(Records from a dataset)
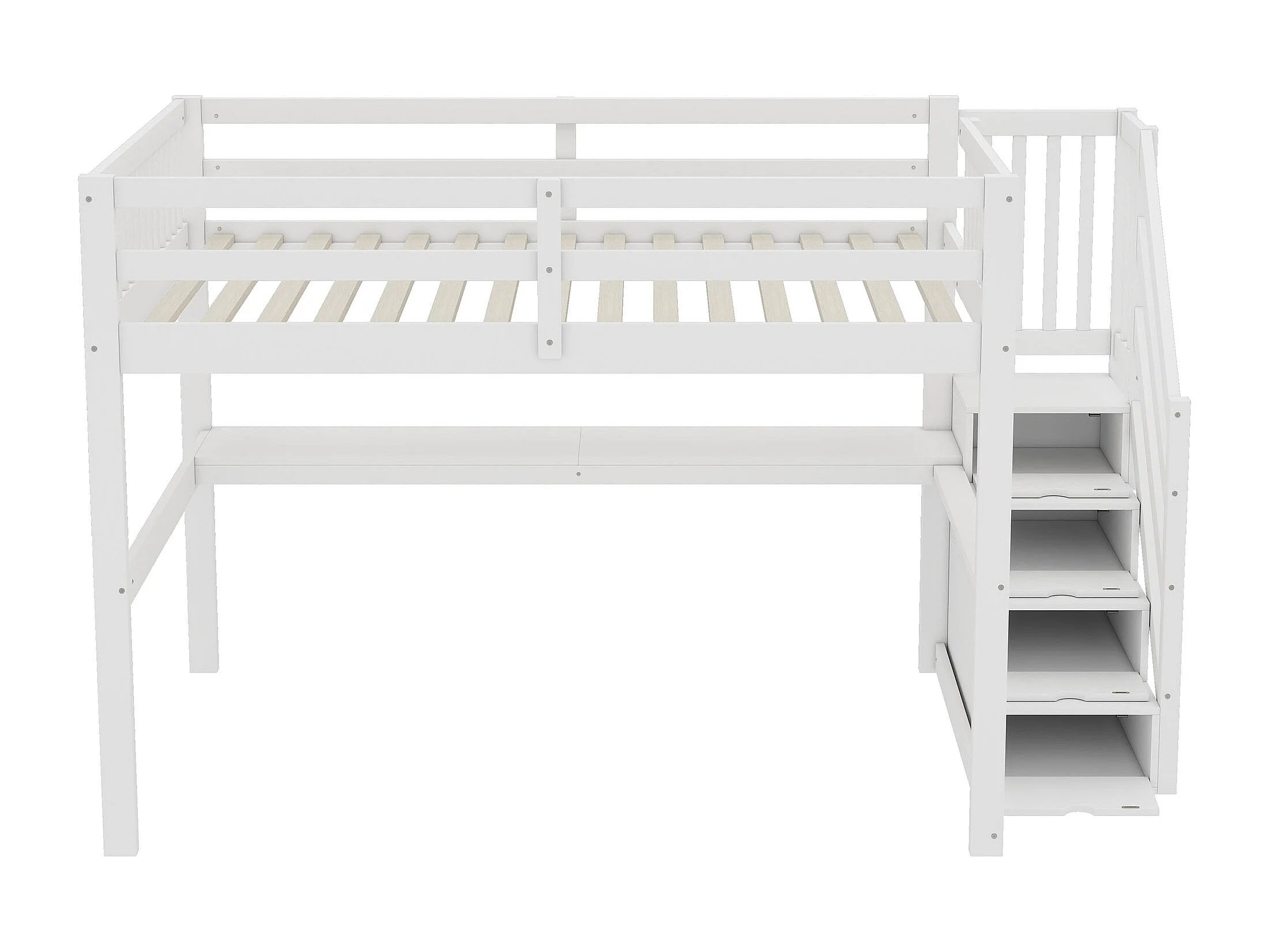 Cama alta infantil 140 x 200 cm con escritorio y escalera de almacenaje - Pino + MDF - Blanco
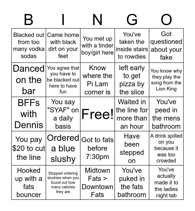 This bingo card has a free space and 24 words: Ordered a blue slushy, Stopped ordering slushies when you found out how many calories they are, Know where the Pi Lam corner is, Hooked up with a fats bouncer, Got questioned about your fake, Blacked out from too many vodka sodas, Danced on the bar, Came home with black dirt on your feet, Waited in the line for more than an hour, Got to fats before 7:30pm, left early to get pizza by the slice, BFFs with Dennis, Have been stepped on, A drink spilled on you because it was too crowded, You agree that you have to be blacked out here to have fun, You've puked in the fats bathroom, You've peed in the mens bathroom, You met up with a tinder boy/girl here, You know why they play the song from the Lion King, You say "SYAF" on a daily basis, You've actually made it to the ladies night tab, You pay $20 to cut the line, You've taken the inside stairs to rowdies and Midtown Fats > Downtown Fats.
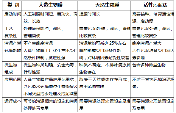 (2)综合比较证明人造生物膜优于天然生物膜和活性污泥法(表2)。 表2.人造生物膜与天然生物膜和活性污泥法的综合比较
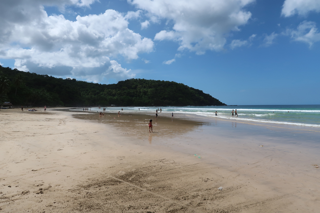 Nous découvrons la large plage qui s’étend sur un peu plus d’un km. On trouve quelques cottages à l’entrée de la plage dont certains abritant barbecues ou autres échoppes vendant quelques boissons ou fruit. Sur la plage, pas d’électricité ni de réseau, l’ambiance est relax ! Parfait pour se détendre quelques heures!
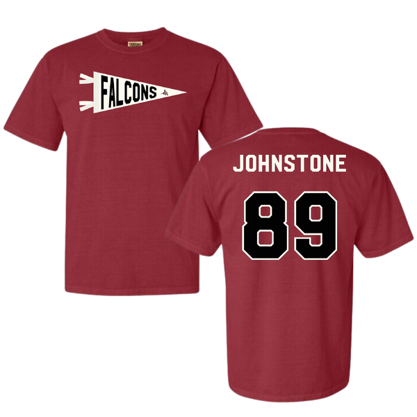 University of Wisconsin-River Falls Football Crimson Pennant Comfort Colors Tee - #89 Adam Johnstone
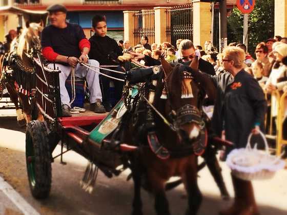 En primer lloc van ser les mascotes més xicotetes, i després van desfilar, per alguns dels carrers del municipi fins a arribar a la porta de l’església, cavalls i un gran nombre de carros de ciutadans de Sueca i d’altres poblacions pròximes.
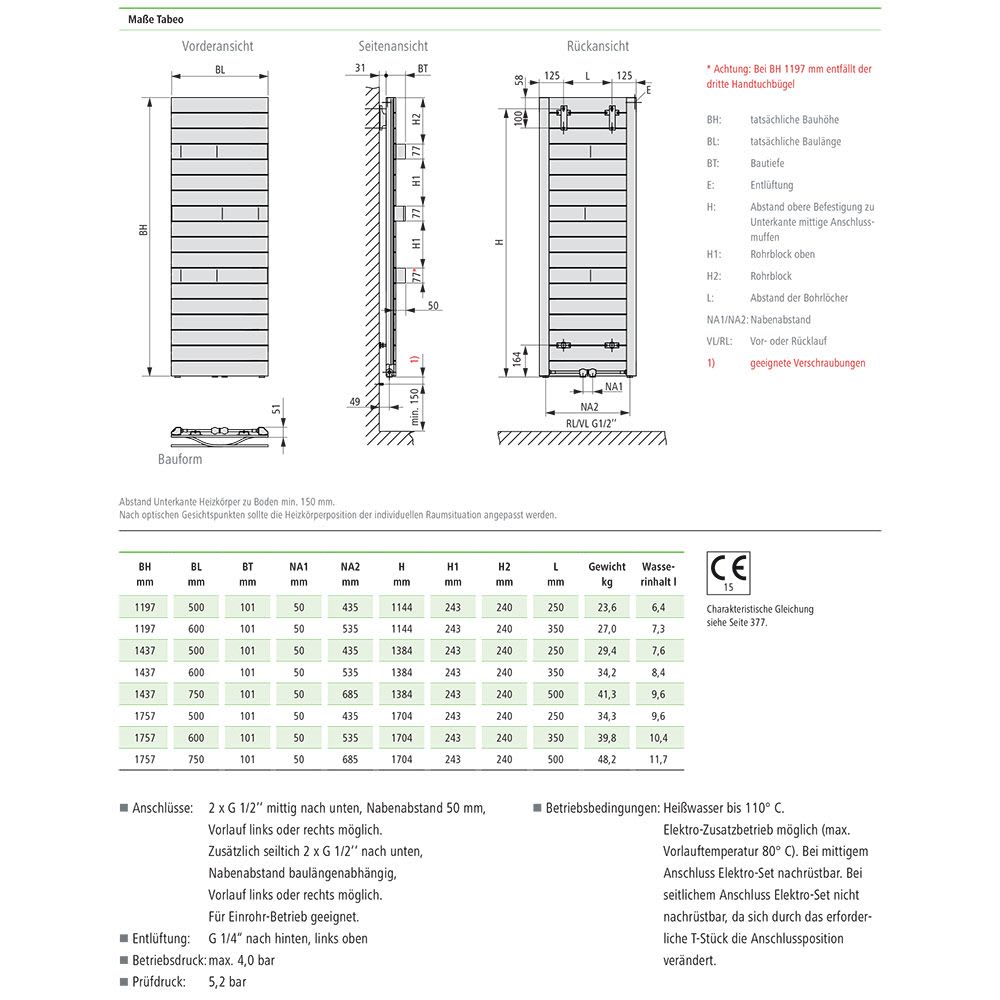- 2 x G 1/2‘‘ mittig nach unten, Nabenabstand 5 cm, Vorlauf links oder rechts möglich
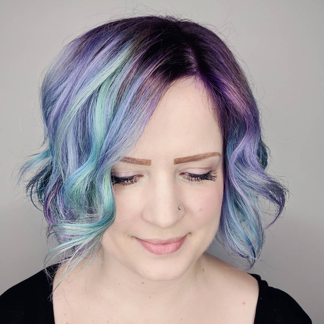 I am getting major mermaid vibes from this opal bob. It combines blues, purples, and soft greens for a look that is absolutely magical.
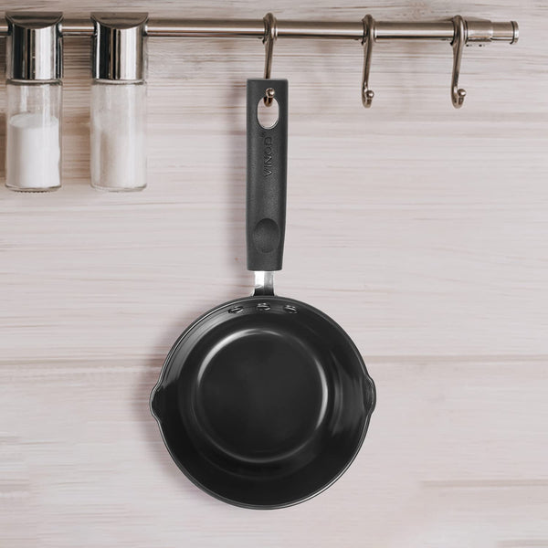 Vinod Black Pearl Hard Anodised American Non Stick Saucepan - 1.8 litre, 18cm | 3.25mm Thickness | Metal Spoon Friendly | Easy to Pour | 2 Year Warranty | Toxin Free - Black
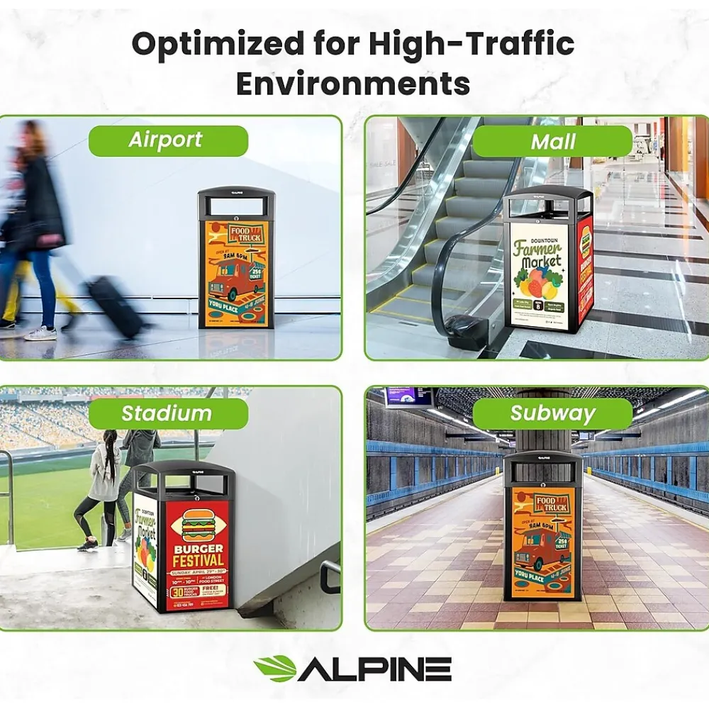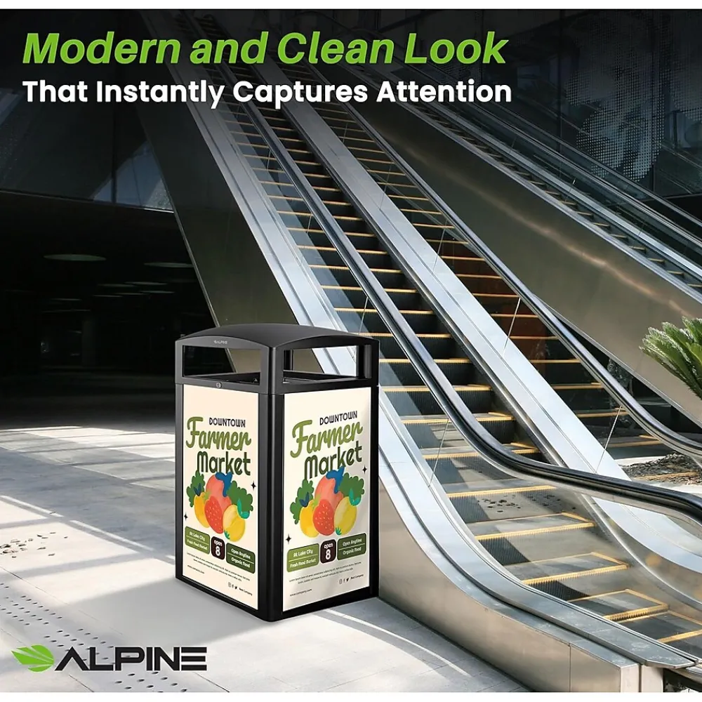 When equipping your business’s exterior with waste receptacles, you want to be reassured that it will last in the harshest weather conditions but is also aesthetically pleasing. With this Alpine rugged 40 gal. all-weather trash container with advertisement panels, you can check off both qualities and advertise while keeping your grounds well-equipped.

→ GOAL OF THE EXERCISE: Using the entries above, extract exactly the lines from the one that contains "I am getting" through the one that contains "Vinod Black Pearl". Do not carry over any pictures.

→ RESPONSE BOX:
 I am getting major mermaid vibes from this opal bob. It combines blues, purples, and soft greens for a look that is absolutely magical.
 Vinod Black Pearl Hard Anodised American Non Stick Saucepan - 1.8 litre, 18cm | 3.25mm Thickness | Metal Spoon Friendly | Easy to Pour | 2 Year Warranty | Toxin Free - Black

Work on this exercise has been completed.